**TASK TO COMPLETE:**
Would you please copy the part of the material below that opens with the line containing "部屋の左側にはダイニングテー" and closes with the line containing "Branchen & Suchbegriffe"? Copy it exactly, and only it.

**SUPPLIED MATERIAL:**
──────

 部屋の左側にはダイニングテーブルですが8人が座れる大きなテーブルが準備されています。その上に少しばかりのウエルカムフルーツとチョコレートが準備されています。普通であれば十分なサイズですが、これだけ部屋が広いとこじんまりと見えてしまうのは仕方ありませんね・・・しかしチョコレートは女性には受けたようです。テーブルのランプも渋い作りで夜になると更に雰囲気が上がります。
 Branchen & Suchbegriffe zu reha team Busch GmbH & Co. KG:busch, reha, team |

──────

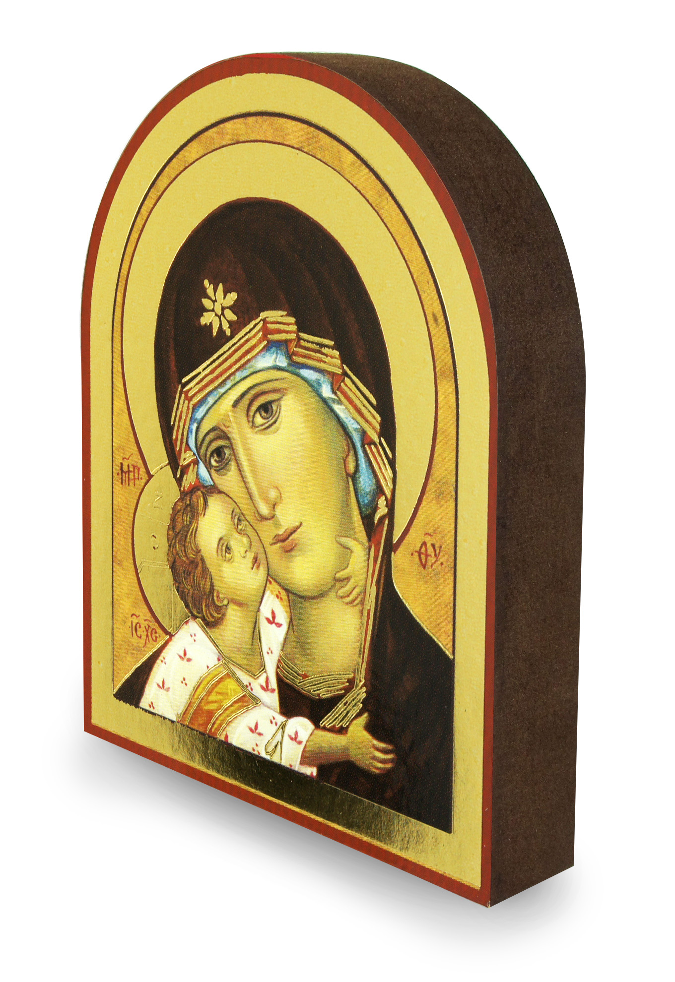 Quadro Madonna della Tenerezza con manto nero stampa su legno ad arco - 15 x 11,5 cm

──────

**ANSWER SPACE:**
 部屋の左側にはダイニングテーブルですが8人が座れる大きなテーブルが準備されています。その上に少しばかりのウエルカムフルーツとチョコレートが準備されています。普通であれば十分なサイズですが、これだけ部屋が広いとこじんまりと見えてしまうのは仕方ありませんね・・・しかしチョコレートは女性には受けたようです。テーブルのランプも渋い作りで夜になると更に雰囲気が上がります。
 Branchen & Suchbegriffe zu reha team Busch GmbH & Co. KG:busch, reha, team |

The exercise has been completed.